# I Wish I Was Eighteen Again........



## sags (May 15, 2010)

For the retired folks and those soon to be........................

http://www.youtube.com/watch?v=F3c-WBn5cCg

For all the others, enjoy your life while you can. Try to maintain the balance between saving money and living life. Enjoy the flowers, hug your kids, do something nice for your spouse, call friends, ......retirement will come soon enough.....like my dad always told me when I said I looked forward to collecting my pension, "Don't forget you will be older as well, pensions and old age go hand in hand".

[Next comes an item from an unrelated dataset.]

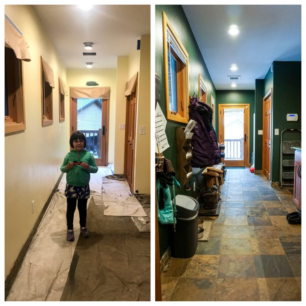 I didn’t take many photos of the space before we painted, but that’s the only work we did in this room. We took the walls from this yellowy white that was all over the house and painted it Dard Hunter Green from Sherwin Williams. We also painted our front door this color, so you can open the front door and look straight through to the mudroom to see the color repeated (one day I will grab a picture of that, but it’s cold out there right now).

Lyrics to I Wish I Was Eighteen Again

At a bar down in Dallas an old man chimed in
And I thought he was out of his his head
Just being a young man, I just laughed it off
When I heard what that old man had said

He said I'll never again turn the young ladies heads
Or go running off into the wind
I'm three quarters home from the start to the end
And I wish I was eighteen again

I wish I was eighteen again
And going where I've never been
But old folks and old oaks
Standing tall just pretend
I wish I was eighteen again

Now time turns the pages and oh, life goes so fast
The years turn the black hair all grey
I talked to some young folks, hey they don't understand
The words this old man's got to say

I wish I was eighteen again
And going where I've never been
But old folks and old oaks
Standing tall just pretend
I wish I was eighteen again

Lord, I wish I was eighteen again!


----------